Cuando asumió la presidencia de Bolivia, el 22 de enero de 2006, Evo Morales se impuso la tarea de refundar el país. Casi dos años después la nación está desgarrada, convulsionada y enfrentada, exactamente igual que en el tiempo de levantamientos populares y desórdenes que precedió a la llegada al poder de este indio aymara de 48 años.
La tarea de dotar al país de una nueva constitución se ha convertido en poco menos que misión imposible, hasta el punto de que, al cabo de todos estos meses, el borrador ha tenido que ser aprobado, el sábado último, solo por los partidarios de Morales entre gallos y media noche, en unas circunstancias atípicas, traumáticas y rocambolescas, y en la raya de la legalidad.
La Carta Magna de cualquier país debe ser producto del consenso, el diálogo, la tolerancia, el pacto y la paz, pero no de la polarización, la violencia, los excesos y el sectarismo; debe ser incluyente y no excluyente. Cuando medio país pretende imponer a la otra mitad sus ideas sobreviene la catástrofe. Además, las constituciones han de hacerse para que duren en el tiempo y trasciendan gobiernos, al menos que quienes las patrocinen se hayan convencido de que se van a perpetuar en el poder.
La Constitución indigenista de Evo Morales fue aprobada, en primera instancia y en su proyecto oficialista, solo por la facción gubernamental, sin la presencia de ningún representante de la oposición ni los preceptivos dos tercios de los votos. Los constituyentes sesionaron en un recinto militar al que se habían mudado a vivir. Había un cordón de fuerzas armadas y en las cercanías una batalla campal que causó muertos y heridos. Una vez completa la trastada, los padres y madres de la Constitución se desbandaron en la oscuridad de la noche, por una puerta trasera, para escapar de un posible linchamiento. Desde luego no parece ese el mejor escenario para el nacimiento de una Constitución democrática. Pero Evo Morales dice que estuvo bien así.

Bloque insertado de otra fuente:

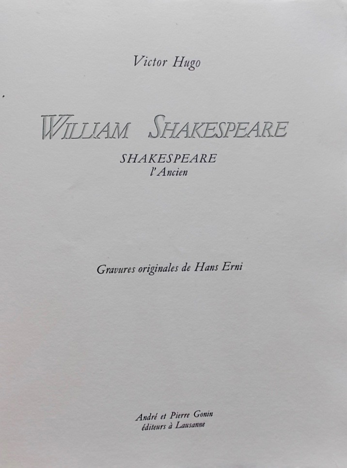 ![[ERNI] - HUGO (Victor) William Shakespeare. Shakespeare l'Ancien. Lausanne, André et Pierre Gonin, 1976. – Image 2](https://cabinetamateur.ch/wp-content/uploads/2025/10/36271_2.jpg)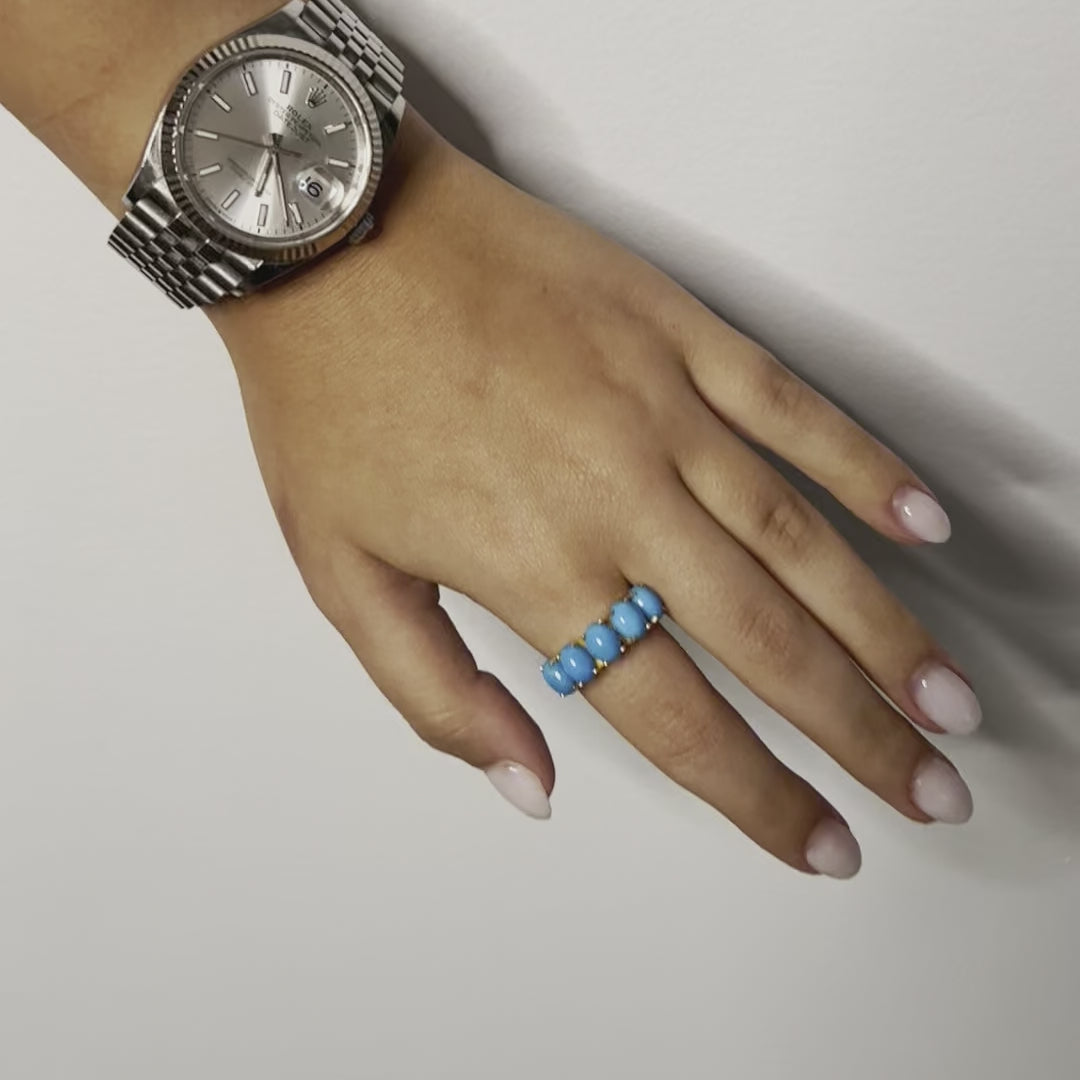 Expertly set in lustrous 14K gold, the five turquoise gemstones are elegantly arranged in a graceful arc, allowing the colors and textures of each stone to harmoniously blend. The intricate metalwork adds a touch of artisanal craftsmanship, enhancing the ring's elegance and character.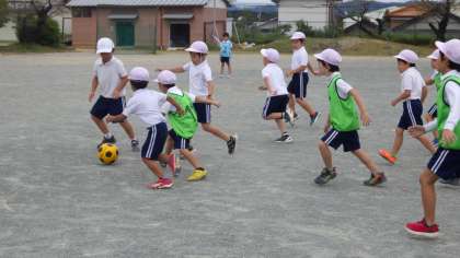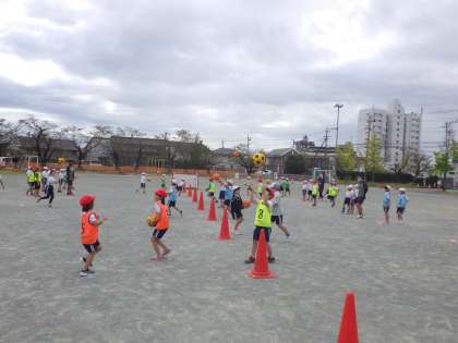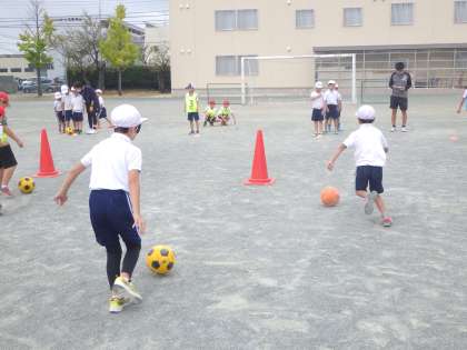 先日、名古屋グランパスから2名のコーチが来てくださり、グランパスクリニックを行いました。ボールを上に投げながら走ったり、ドリブルをしたりするなど、様々な活動を通してボールに触れあいました。初めてのサッカーで不安そうな顔をしていた子どもたちも、楽しく練習することができていました。授業の最後に行われた試合では、みんな笑顔で必死にボールを追いかけていました。また、チームでパスしながらゴールを目指すことで、一体感を味わうこともできていました。
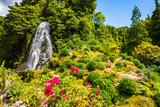 Waterfall in tropical gardens with flowers and exotic plants in Ribeira do Caldeiros park, Sao Miguel island, Azores, Portugal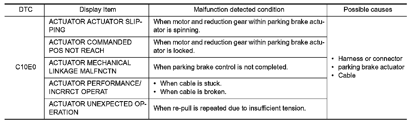 YES ("C11E0")-Replace parking brake actuator. Refer to "Removal and Installation" Removal And Installation.

Bolivia está en un camino de difícil retorno con enfrentamientos y reproches mutuos de grueso calibre. Van tres muertos y trescientos heridos, pero la violencia, los destrozos y el caos parece que continuarán. Incluso se ha producido al menos un acto de desacato de la Policía al Gobierno. Las revueltas se suceden en los departamentos orientales rebeldes, donde campea el movimiento secesionista. Esas regiones —Santa Cruz, Beni, Cochabamba, Pando, Tarija y Chuquisaca— suman casi el 60% de la población boliviana y el 70% del territorio nacional. Sucre, la capital oficial nominal, quiere serlo efectivamente y para ello le disputa con violencia a La Paz las sedes del Ejecutivo y el Legislativo. A fines del siglo XIX, ambas ciudades libraron una guerra por el mismo motivo.
Evo Morales, al frente de sus campesinos e indígenas, descalifica a sus rivales por «neoliberales», «oligarcas» y «antidemocráticos», y han puesto en la picota a la prensa. Desde Venezuela, el presidente Hugo Chávez, que es su principal aliado, clama que en Bolivia está en marcha un golpe de Estado patrocinado por «el imperio», como siempre se refiere él a Estados Unidos. La oposición ha dicho alto y claro que no acatará esa Constitución. Los departamentos orientales siguen alzados. La Iglesia católica invoca sin éxito a la calma «en nombre de Dios y la vida».
Las presiones continuarán ahora que hay que aprobar con celeridad artículo por artículo antes de que el 14 de diciembre acabe el plazo legal que tienen los constituyentes. En la situación en la que está el país su destino parece trágico.